Poisson Integral: Real vs Complex a

[LagrangeEuler]

$\int^{\infty}_{-\infty}dxe^{-ax^2}=\sqrt{\frac{\pi}{a}}$
Is it correct also when $a$ is complex?

 

[vanhees71]

It's correct, if $\mathrm{Re} \; a>0$.

 

[voko]

For a complex $a$, there are two different roots. Which root is the correct one?

 

[vanhees71]

That's in fact a very good question. I've never thought about this before. I'm not sure whether the following is mathematically rigorous.

I'd start with the simple case $a=1$. The standard way to evaluate the integral is by setting
$$I=\int_{-\infty}^{\infty} \exp(-x^2)>0.$$
Then
$$I^2=\int_{\mathbb{R}^2} \mathrm{d} x \mathrm{d} y exp(-x^2-y^2).$$
Then we use polar coordinates in the $xy$ plane to get
$$I^2=2 \pi \int_0^{\infty} \mathrm{d} r r \exp(-r^2)=-\pi \exp(-r^2)|_{r=0}^{\infty}=\pi.$$
Since $I>0$ we uniquely get
$$I=\sqrt{\pi}$$
with the usual positive square root for a positve real number.

For real $a>0$ then you get by substitution $y=\sqrt{a} x$
$$I_a=\int_{-\infty}^{\infty} \mathrm{d} x \exp(-a x^2) = \frac{1}{\sqrt{a}} \int_{-\infty}^{\infty} \exp(-y^2)=\frac{\pi}{\sqrt{a}},$$
where again, I used the usual positive square root of a positive real number. You could as well have substituted $y=-\sqrt{a} x$, but then the infinite boundaries change signs, and thus the integral also flips signs, so that you get the same positive result as it must be.

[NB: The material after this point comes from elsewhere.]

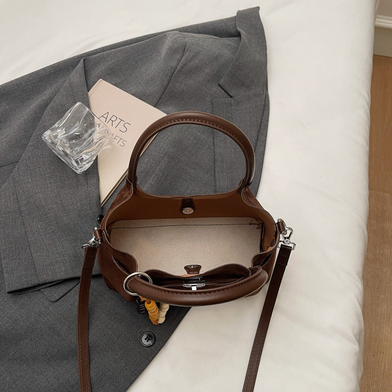 2025秋冬新款复古麂皮绒手提包,以高级质感麂皮绒面料打造,触感细腻,色泽温润,尽显低调奢华。包型小巧精致,兼具手提与斜挎功能,轻松应对日常通勤、约会或休闲出行。复古设计融合现代线条,搭配金属扣饰点缀,提升整体时尚度。内里分层合理,轻松收纳手机、口红、卡包等随身物品。百搭中性色调,轻松驾驭大衣、风衣、针织衫等多种秋冬穿搭,是提升气质的必备单品。无论是职场干练风,还是慵懒复古范,一包搞定,实用与美感兼具,诠释优雅从容的都市女性魅力。
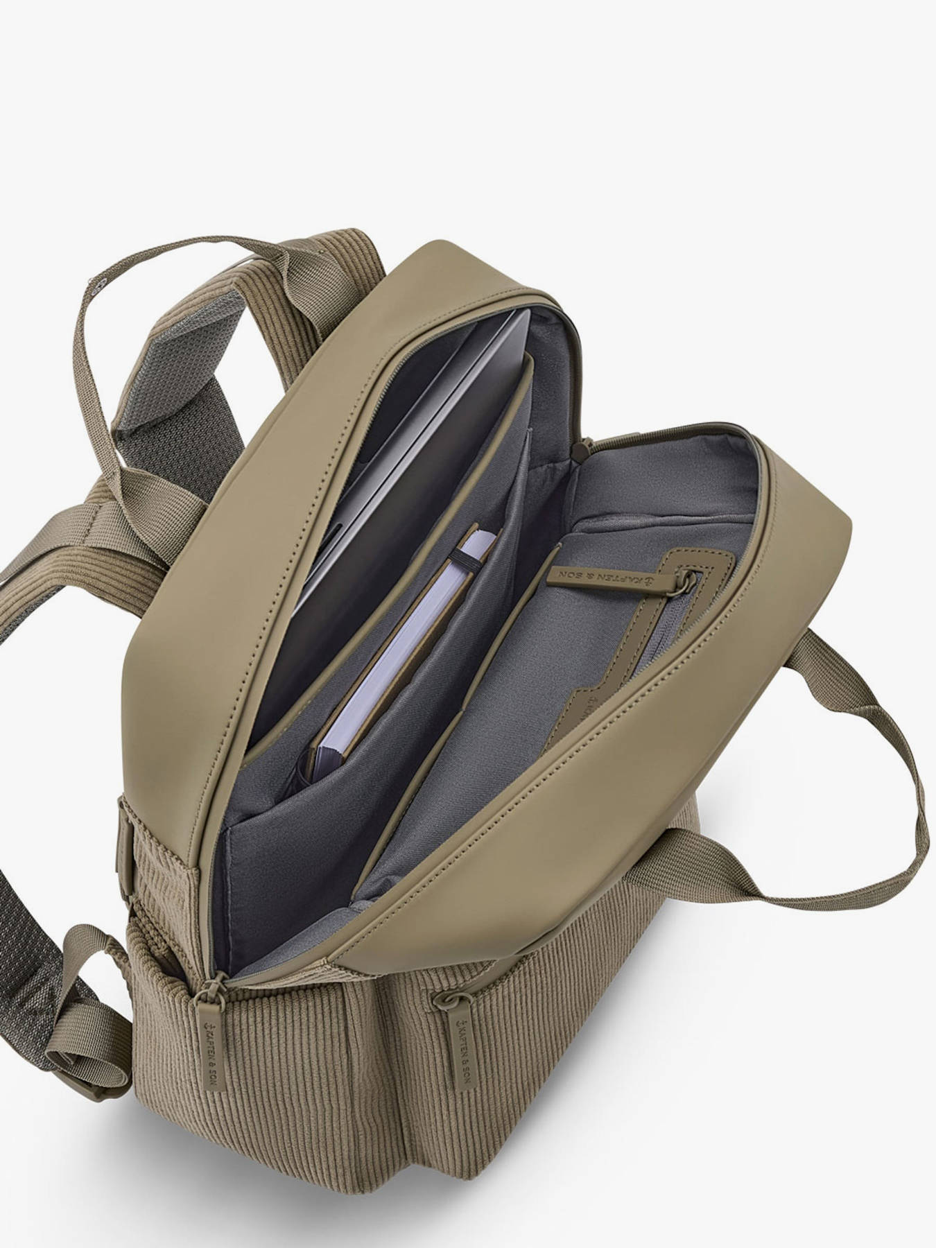Alliant design minimaliste et praticité, le Kapten & Son Bergen Pro Cord est le sac à dos idéal pour un usage quotidien, en ville comme au bureau. Son format compact de 12 L et ses multiples rangements intelligents permettent d’organiser facilement vos affaires : compartiment ordinateur (jusqu’à 15""), compartiment tablette, poches intérieures et extérieures, dont une poche antivol discrète. Fabriqué à partir de PET recyclé, ce sac est végan, résistant à l’eau et respectueux de l’environnement. Confortable grâce à ses bretelles ajustables et rembourrées ainsi que son dos renforcé, il se transporte aisément au quotidien et peut même s’accrocher à une valise via sa sangle de fixation. Sobre, moderne et fonctionnel, le Bergen Pro Cord est pensé pour accompagner les actifs urbains et les étudiants à la recherche d’un sac élégant et durable.

Now, for $a \in \mathbb{C}$, for convergence you obviously should have $\mathrm{Re} \; a > 0$. Again we can take both roots in the substitution above, but it's most convenient to write
$$a=|a| \exp(\mathrm{i} \varphi),$$
where $\varphi \in (-\pi/2,\pi/2)$ (this is one of many possible choices of the argument for a complex number with positive real part) and then use the square root as
$$\sqrt{a}=\sqrt{|a|} \exp(\mathrm{i} \varphi/2), \quad \sqrt{|a|}>0. \qquad (*)$$
Now consider the Integral $I_{a}$ as an integral in the complex $x$ plane along the real axis. Then again we substitute $x=\sqrt{a} t$ with the meaning of $\sqrt{a}$ given by (*).

The real integration path in the complex $x$ plane then maps to an integration path in the complex $t$ plane, which is a straight line through the origina, running from the lower left quadrant into the upper right (for $\varphi>0$) or from the upper left to the lower right quadrant (for $\varphi<0$). In both cases, you can define a closed path by adding the real axis (run from right to left in both cases) and two vertical parts at infinity. If you integrate $\exp(-t^2)$ along that closed path you get 0 due to Cauchy's integral theorem, and this means that instead to integrate along the straight line in the $t$ plane you can as well integrate along the real axis (in the normal positive sense). Thus we find
$$I_a=\frac{\sqrt{\pi}}{|a|} \exp(-\mathrm{i} \varphi/2),$$
where the angle $\varphi \in (-\pi/2,\pi/2)$.

 

[voko]

(*) selects one the roots arbitrarily. Would that not mean that subsequent derivation inherits the arbitrariness?

 

[vanhees71]

You can of course choose the other root, i.e.,
$$\sqrt{a}=-\sqrt{|a|} \exp(\mathrm{i} \varphi/2), \quad \varphi \in (-\pi/2,\pi/2).$$
Then in substituting
$$t=-\sqrt{|a|} \exp(\mathrm{i} \varphi/2)x$$
the integration paths in the $t$ plane are straight lines through the origin either running from the upper right to the lower left quadrant (for $\varphi>0$) or from the lower right to the upper left quadrant (for $\varphi<0$).

Then closing the path with the line running along the real axis runs from $-\infty$ to $+\infty$. Thus the different sign in $-1/\sqrt{|a|} \exp(-\mathrm{i} \varphi/2)$ is compensated by the sign of the path along the real axis in the integral along the closed loop, giving 0 due to Cauchy's integral theorem. This shows that the integral is uniquely defined, no matter which root of $a$ you choose in the above substitution.